▶ What to produce
Nothing but the lines from the start of the data through the line with "W czasie I i" should appear in the answer, each retyped exactly, and pictures should not.

-------- Supplied entries

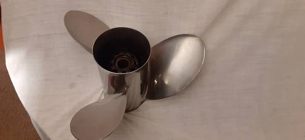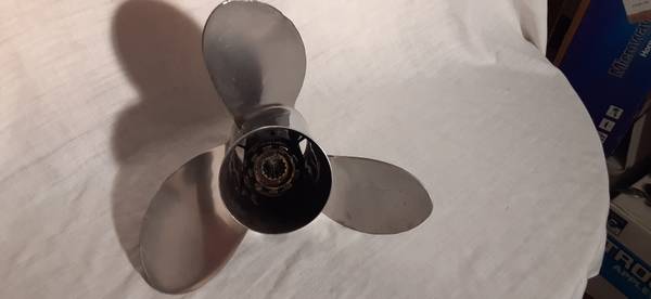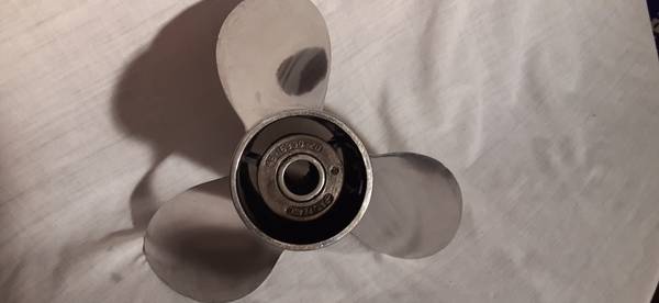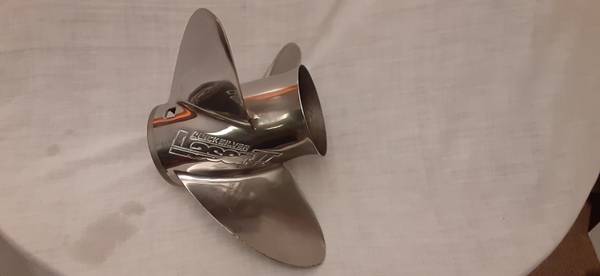 For Sale - Mercury / QuickSilver Laser II boat motor propeller. #48-16990-20 20 pitch Stainless Steel 3 Blade. Has some scratches and minor ding in one of the blades.
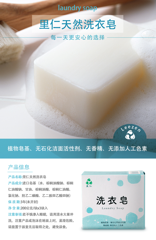特惠【里仁】洗衣皂200g*1块 温和洁净 更安心的选择
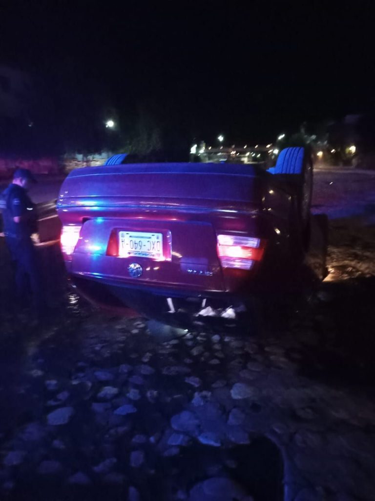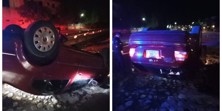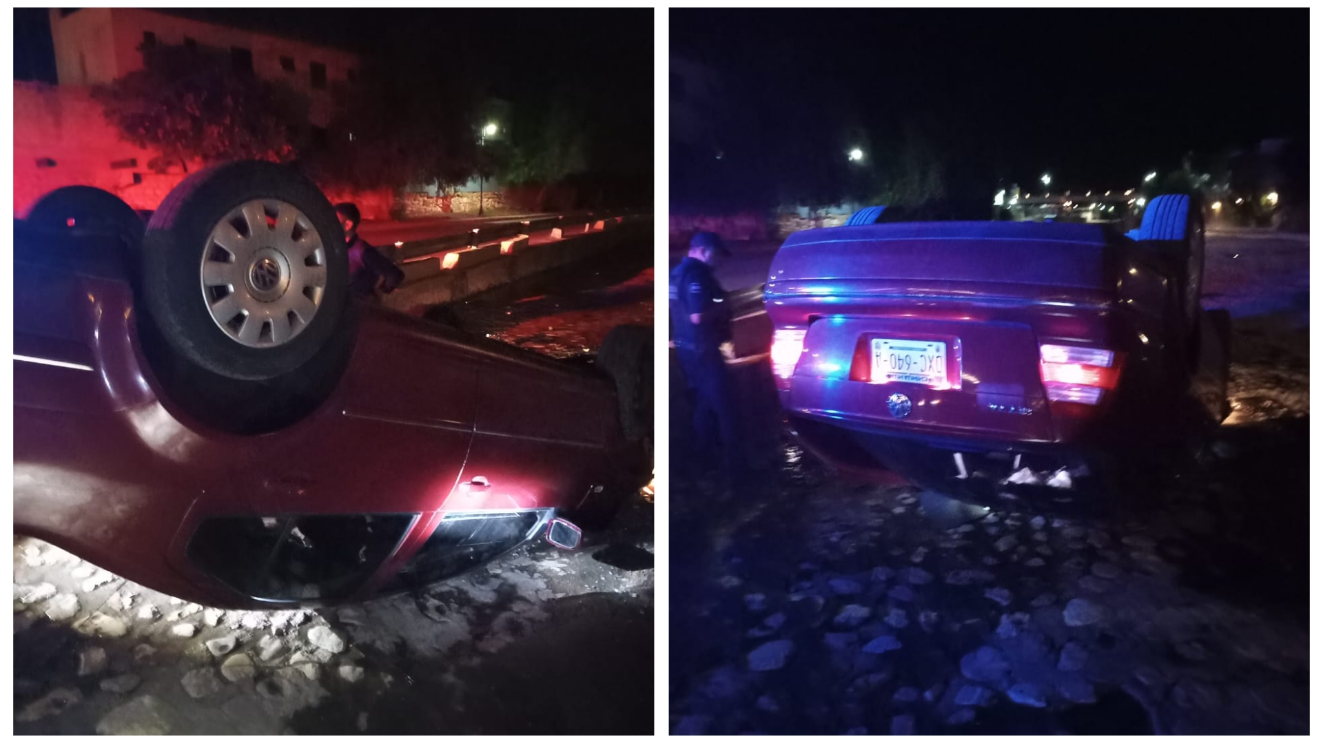 Un Volkswagen Jetta modelo 2007 color guinda, con placas del estado de Chihuahua, se impactó contra el muro de contención al circular por la Vialidad del Río y terminó con las cuatro llantas hacia arriba.
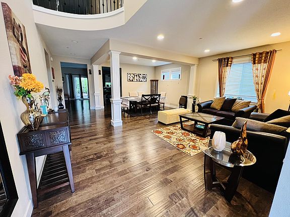 Separate formal livingWalk in closetLarge media roomAdditional storage areaWooden flooringOpen floor planHuge master bath
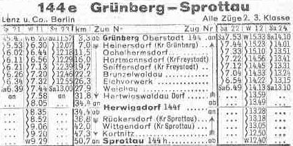 W czasie I i II wojny światowej z usług kolejki korzystało wojsko z garnizonów w Szprotawie, Żaganiu i Kożuchowie. Do lata 1914 r. ze stacji wyjściowej w Zielonej Górze, linię obsługiwały trzy składy osobowo – towarowe na dobę (w 1913 roku przewieziono 113 164 osoby). W soboty i niedziele uruchamiano dodatkowy skład osobowy do stacji Broniszów (Brunzelwaldau). Ruch osobowy jednak systematycznie malał. W 1929 roku przewiziono 50 122 osoby. W tym też roku spółka po raz pierwszy odnotowała stratę ([w:] M. Zarzycki). Na przełomie października i listopada 1930 roku z powodu powodzi i podmycia torowiska między Ochlą a Broniszowem nie kursowały pociągi, co także wpłynęło na kondycję finansową spółki. W rozkładzie jazdy z 1935 roku do Szprotawy dojeżdżała tylko 1 para pociągów. W 1938 r z usług Lenza u. Comp. skorzystało 9 309 pasażerów (spadek o 90%). Prawdopodobnie spadek przewozów był spowodowany systematycznym pogarszaniem się infrstruktury kolejowej. Czas jazdy wydłużał się, co mogło zniechęcać ludzi do podróżowania. W czasie II wojny rozkład jazdy był jeszcze publikowany, ale jak podkreślają badacze (m. Jerczyński oraz M. Zarzycki) o planowym rozkładzie nie mogło być mowy. Wiadomym jest, że z torów korzystało wojsko przewożąc towary na potrzeby militarne.
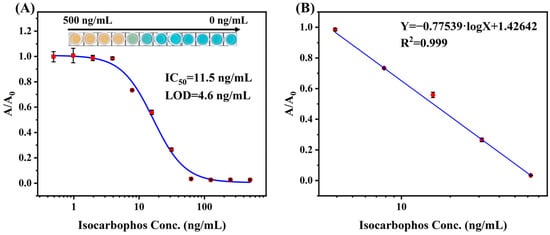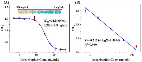 The calibration curve for multicolor immunoassay was finally created based on the optimized parameters. As shown in Figure 5A, the developed calibration curve exhibited a color conversion from orange to green and then to blue as isocarbophos concentration decreased. The calibration curve showed IC50 of 11.5 ng/mL, with the limit of detection (LOD) of 4.6 ng/mL. The linear range for the calibration curve was 3.9 ng/mL to 62.5 ng/mL, which showed good linearity (Figure 5B).
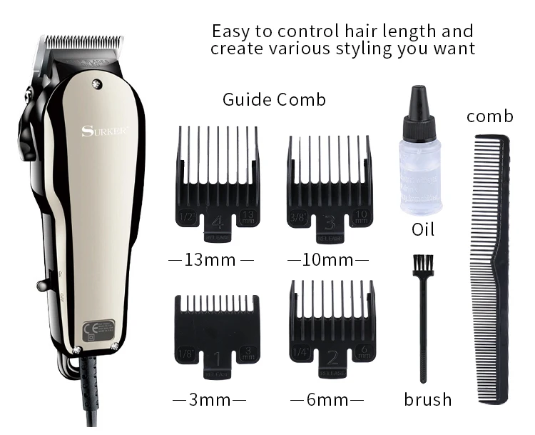 1. Машинка для стрижки волос лезвия может быть отрегулировано от 0,1 мм-3,0 мм, оснащен 4 лимит расчески (3 мм/6 мм/10 мм/13 мм), которые могут вырезать различные длины, чтобы создать вам эксклюзивную прическу.
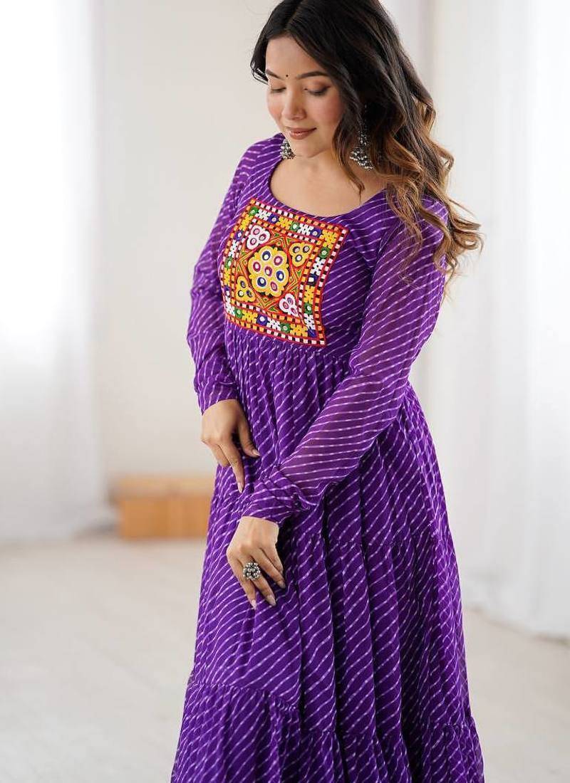 | Product Name | Purple Color Lehariya Printed Faux Georgette Stitched Long Anarkali Gown | |
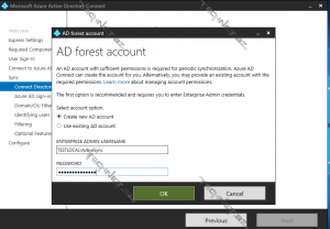 7.Növbəti mərhələdə biz sinxronizasiya üçün istifadə ediləcək lokal AD istifadəçi adının məlumatlarını daxil edirik. Bu istifadəçi adı domain administrator və ya global administrator ola bilməz. Məsləhət olunur ki sinxronizasiya üçün Users qrupuna daxil olan ayrıca istifadəçi adı istifadə olunsun.Açılmış pəncərədə ADDC yə daxil olmadan belə istifadəçi adını yaratmaq mümkündür. Müvafiq məlumatları daxil edib OK sıxırıq. Bundan sonra Next sıxmaqla növbəti mərhələyə keçirik.
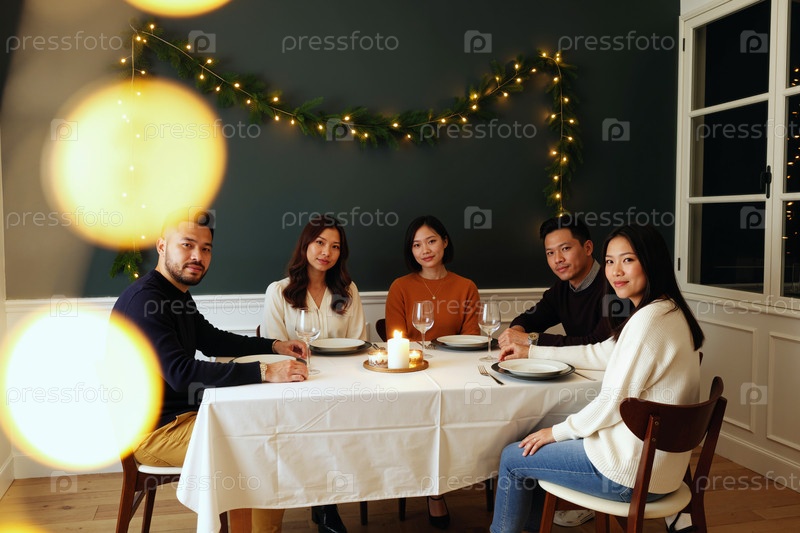 Группа молодых взрослых азиатских друзей, собирающихся за столом и празднующих отпуск
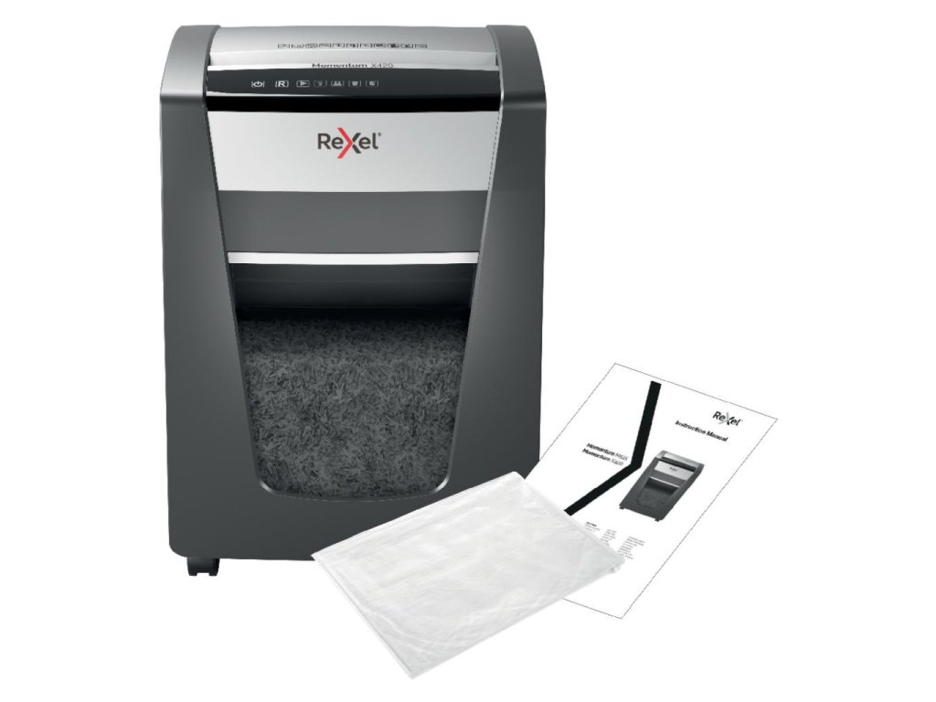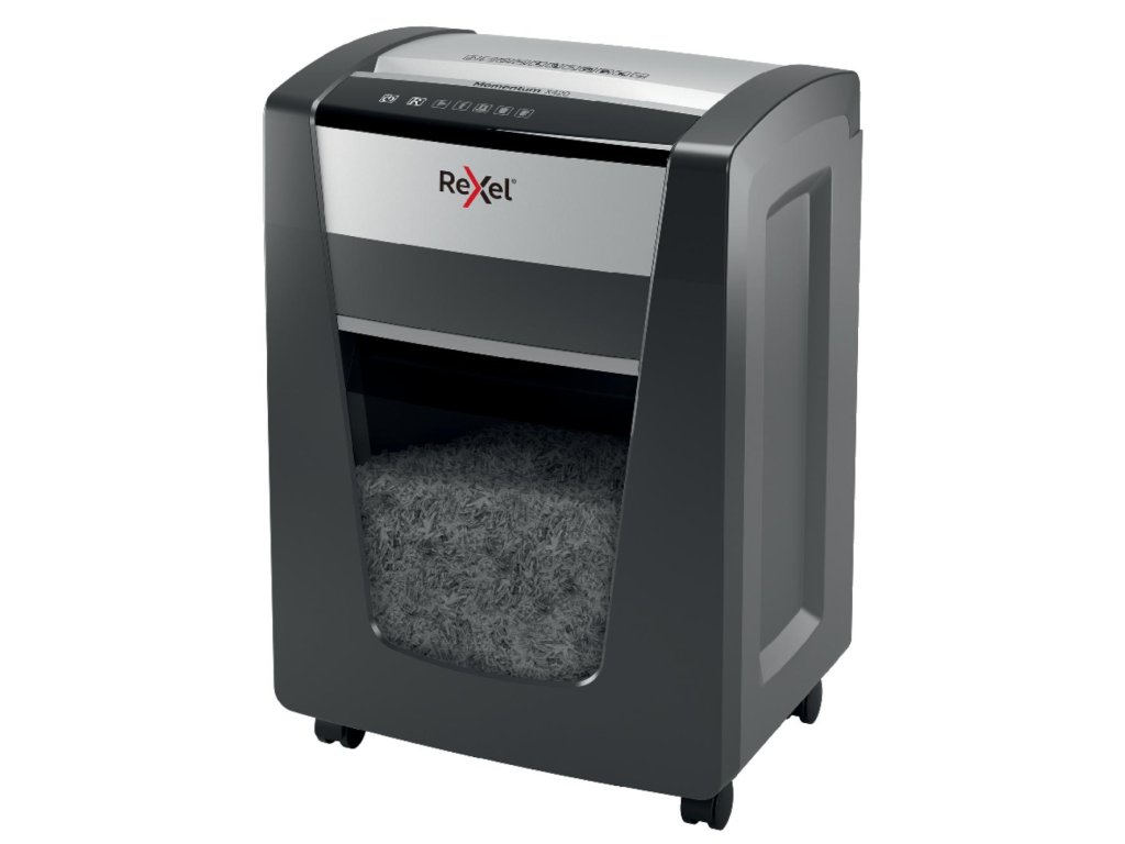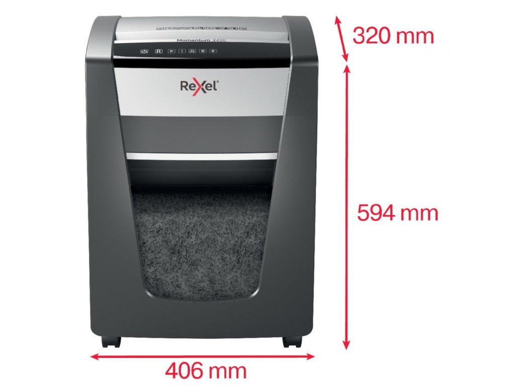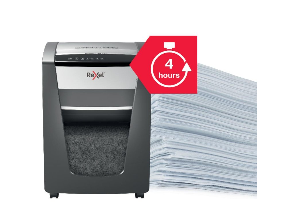 Nezastaviteľná skartovačka! Rexel Momentum X420 skartuje až 20 hárkov naraz a vydrží v nepretržitom chode 4 hodiny, vhodný na použitie v menších kanceláriách. Technológia proti zaseknutiu papiera garantuje neprerušované skartovanie. Krížový rez na úrovni zabezpečenia P4 reže papier na časti s veľkosťou 4 × 40 mm. Dotykové ovládanie pre jednoduché a intuitívne ovládanie. Objemný kôš s kapacitou 30 l pojme 275 hárkov A4.
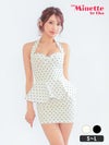 キャバドレス myMinette マイミネット ホルターネック ワンカラー ドット柄 バストハートカット 背中魅せ ペプラム タイトミニドレス
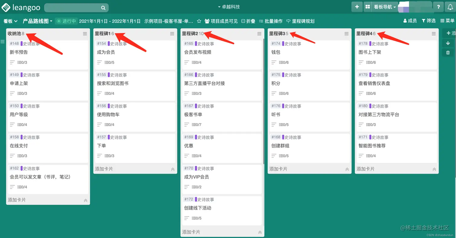 我们使用目标驱动的方式来制定路线图。首先确定路线图上各个里程碑的目标,然后围绕目标确定需要哪些史诗故事。
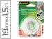 Ruban de fixation FIX MOUSSE DOUBLE FACE. Pour fixer des objets sur des supports tels que le plastique, la peinture, le bois, le verre, la céramique, etc. Usage intérieur, prêt à l'emploi. Épaisseur : 1,6 mm. 19 mm x 1,5 m'.
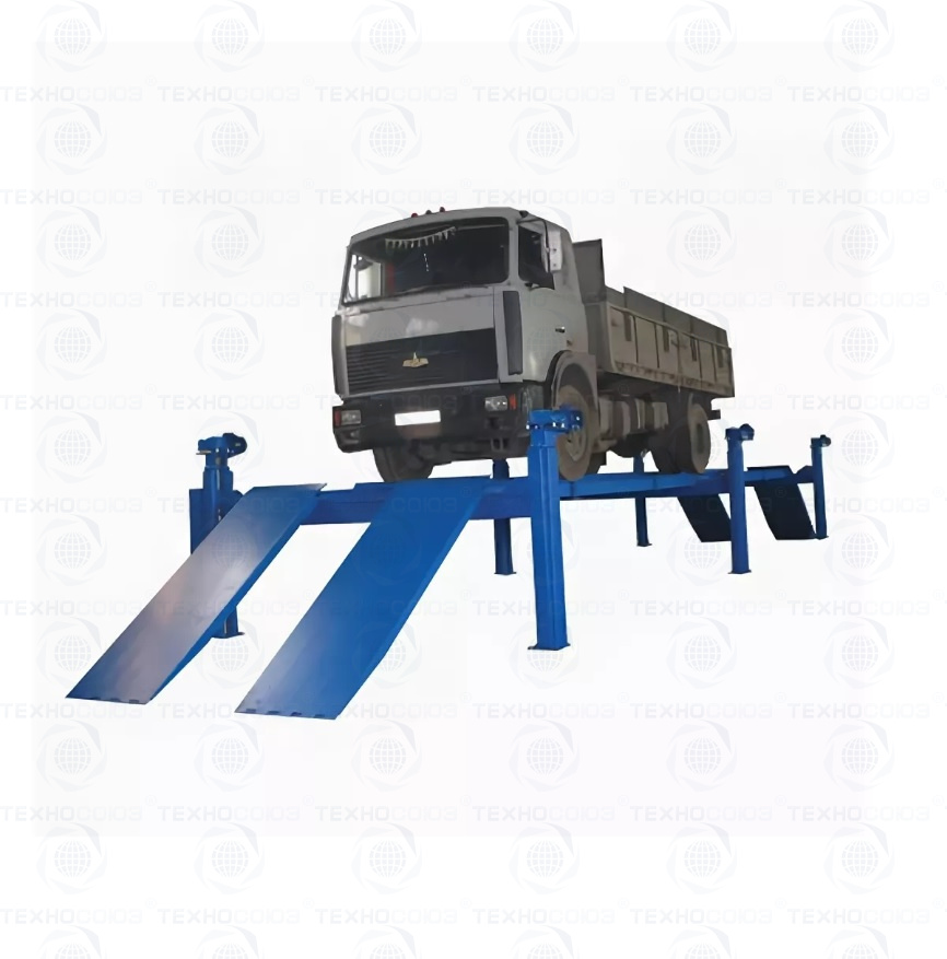 г/п. 25 тонн. Шестистоечный. Электромеханический. Для ремонта грузовых автомобилей и автобусов на любой ровной площадке. Привод червячный редуктор, с концевыми выключателями нажимного действия, ограничивающими ход каретки. Рабочие гайки повышенной прочности и износостойкости. Многоуровневая система безопасности. По отдельному заказу комплектуется установочными рамами. Поставляется в 2 вариантах Стандарт (в помещение) и ТЗ (Для эксплуатации на улице).
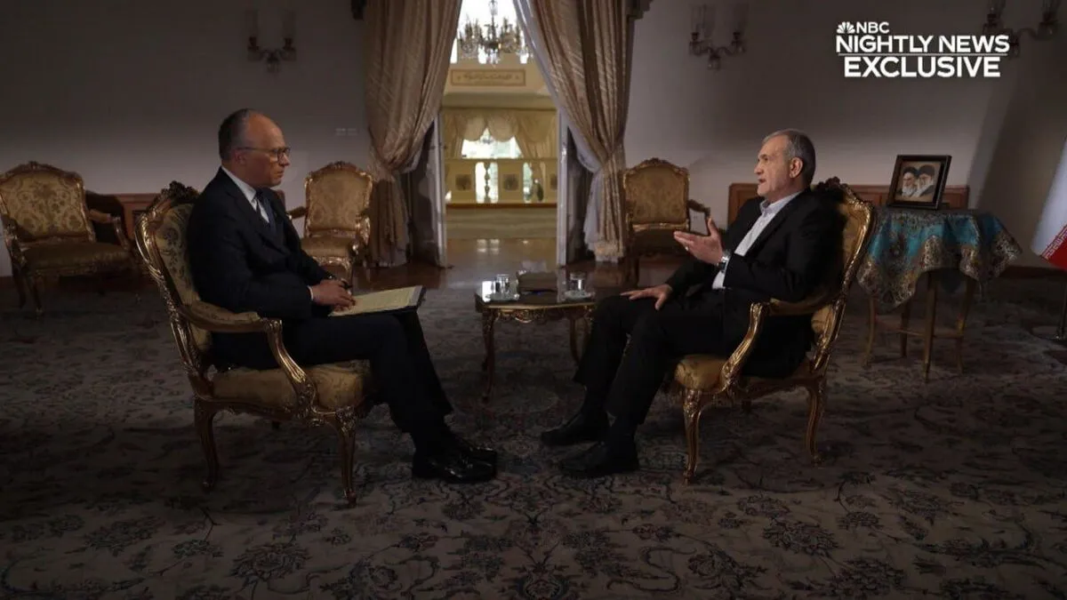 يذكر ان مساعد مدير مكتب رئيس الجمهورية لشؤون الاتصال والاعلام كان قد كتب في منشور، الثلاثاء، على منصة التواصل الاجتماعي "اكس": ستبث الرسالة المهمة للرئيس (مسعود) بزشكيان غدا (الأربعاء) على شبكة "إن بي سي" التلفزيونية الأميركية؛ إيران تريد السلام وخفض التصعيد في المنطقة والعالم وهي مستعدة لمحادثات مشرفة ومتكافئة.

----------------

▶ Reply to the exercise
 For Sale - Mercury / QuickSilver Laser II boat motor propeller. #48-16990-20 20 pitch Stainless Steel 3 Blade. Has some scratches and minor ding in one of the blades.
特惠【里仁】洗衣皂200g*1块 温和洁净 更安心的选择
 Un Volkswagen Jetta modelo 2007 color guinda, con placas del estado de Chihuahua, se impactó contra el muro de contención al circular por la Vialidad del Río y terminó con las cuatro llantas hacia arriba.
 Separate formal livingWalk in closetLarge media roomAdditional storage areaWooden flooringOpen floor planHuge master bath
 W czasie I i II wojny światowej z usług kolejki korzystało wojsko z garnizonów w Szprotawie, Żaganiu i Kożuchowie. Do lata 1914 r. ze stacji wyjściowej w Zielonej Górze, linię obsługiwały trzy składy osobowo – towarowe na dobę (w 1913 roku przewieziono 113 164 osoby). W soboty i niedziele uruchamiano dodatkowy skład osobowy do stacji Broniszów (Brunzelwaldau). Ruch osobowy jednak systematycznie malał. W 1929 roku przewiziono 50 122 osoby. W tym też roku spółka po raz pierwszy odnotowała stratę ([w:] M. Zarzycki). Na przełomie października i listopada 1930 roku z powodu powodzi i podmycia torowiska między Ochlą a Broniszowem nie kursowały pociągi, co także wpłynęło na kondycję finansową spółki. W rozkładzie jazdy z 1935 roku do Szprotawy dojeżdżała tylko 1 para pociągów. W 1938 r z usług Lenza u. Comp. skorzystało 9 309 pasażerów (spadek o 90%). Prawdopodobnie spadek przewozów był spowodowany systematycznym pogarszaniem się infrstruktury kolejowej. Czas jazdy wydłużał się, co mogło zniechęcać ludzi do podróżowania. W czasie II wojny rozkład jazdy był jeszcze publikowany, ale jak podkreślają badacze (m. Jerczyński oraz M. Zarzycki) o planowym rozkładzie nie mogło być mowy. Wiadomym jest, że z torów korzystało wojsko przewożąc towary na potrzeby militarne.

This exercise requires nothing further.